# I'M POSTIN THIS AGAIN BECAUSE



## scotty (Apr 10, 2009)

WE AT THE SMOKE PIT I have hopes that some of the folks from fine vine wines will make it to our gathering
You all are invited to Lake De gray Arkansas state camp area







((((((((((((((((((((WE ARE TWIRLING A PIG ON SUNDAY))))))))))))))

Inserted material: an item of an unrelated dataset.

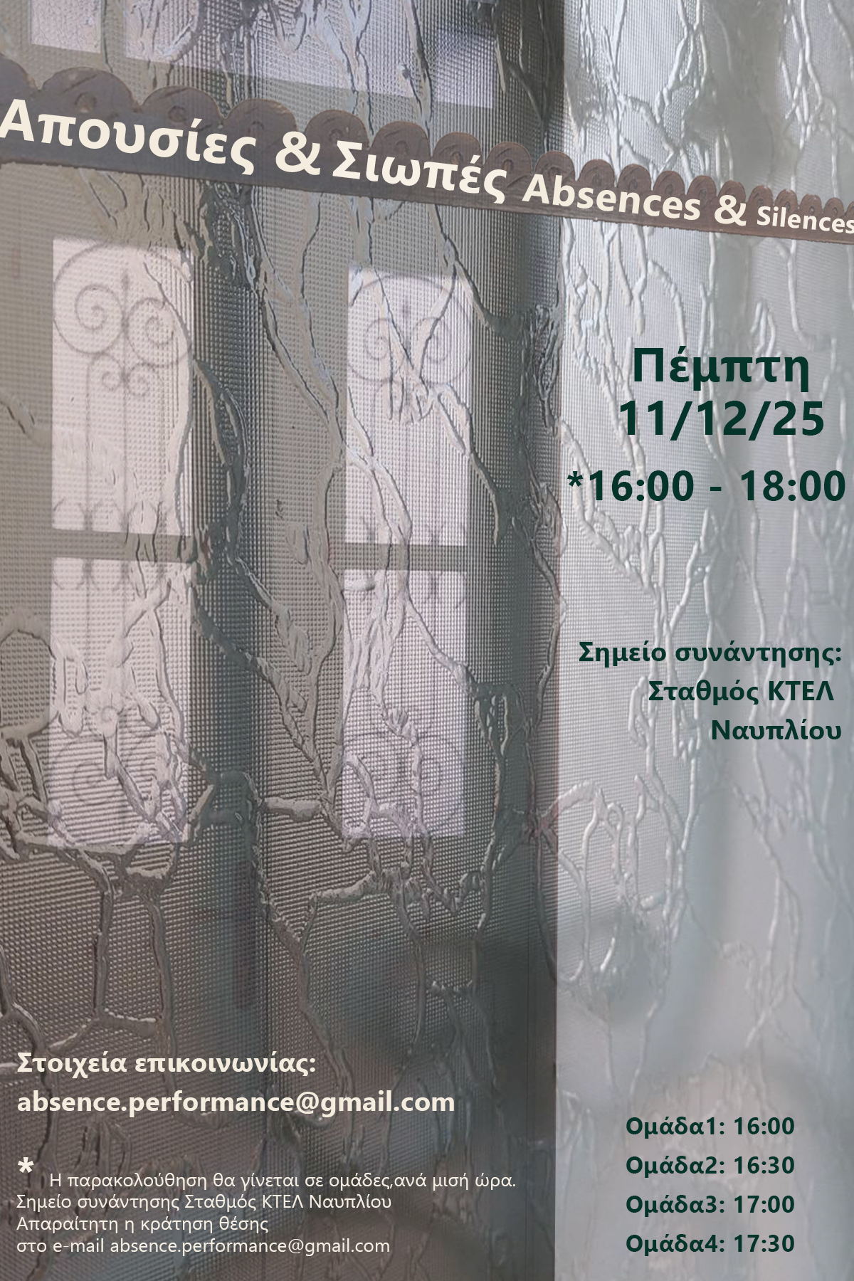 🔴 Η παρακολούθηση θα γίνεται σε ομάδες και θα διαρκεί 30’. Απαραίτητη η κράτηση θέσης στο 📩 e-mail: absence.performance@gmail.com.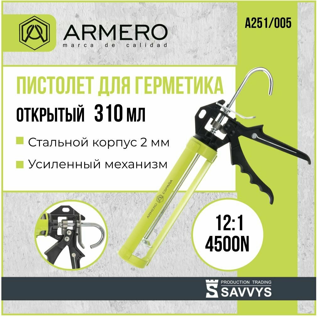 Пистолет для герметика Armero A251/005, 310мл, скелетного типа.

We had a great turnout because we started planning around april 2008. this gave folks time to look and plan ahead 

*DATES POSTED BELOW*



it worked well with early long term planning and I hope we can get it off the ground again by starting early+++ 


UPDATED LIST 

Ozark Paul from Missouri 
Rocky and Scotty From Florida 
Daryl goat From Texas 
Lana, Casey, Rusty From Tennessee 
Lonestar Larry Another Texas boy 
Paul and Nona From Georgia 
Buzz--Terry From Texas 
Waldo from Arkansas and fine Vine Wines website 
Tweetiboyd6 from our pal talk group 
Added: 
Ed- BrokeAzzCooker from California
MR AND MRS Korbitt from Georgia

That's at least 13 people so far....don't know who all are bringing anybody else. 




HERE IS THE UPDATED PLAN/SCHEDULE 

For quite some time now we have been planning the lake de gray camp out. Sept. 2009. Most of last year’s attendees are coming back. 


It looks like the 3rd weekend in Sept .19th to 20th, 2009 is the target date for the De Gray camp out. Some of us will arrive Thursday or Friday the 17th or 18th. 

Make advanced reservations in section "C" of the CADDO AREA. 
We were very pleased with that section. 


Also, because we hope it to be an annual event, some of us will stay to at least Monday (28th) or even later until the following Friday ((Oct 2nd)). Ozark Paul and a few of us plan to be there for the second weekend, too 

*The idea is to make it at least a week long event for those who can stay or for folks who can’t get there until a few days later or the second weekend. *



SOME OF LAST YEARS PHOTOS IN THE ALBUMS ON THE LEFT

http://s311.photobucket.com/albums/kk462/arkansassmoker/


----------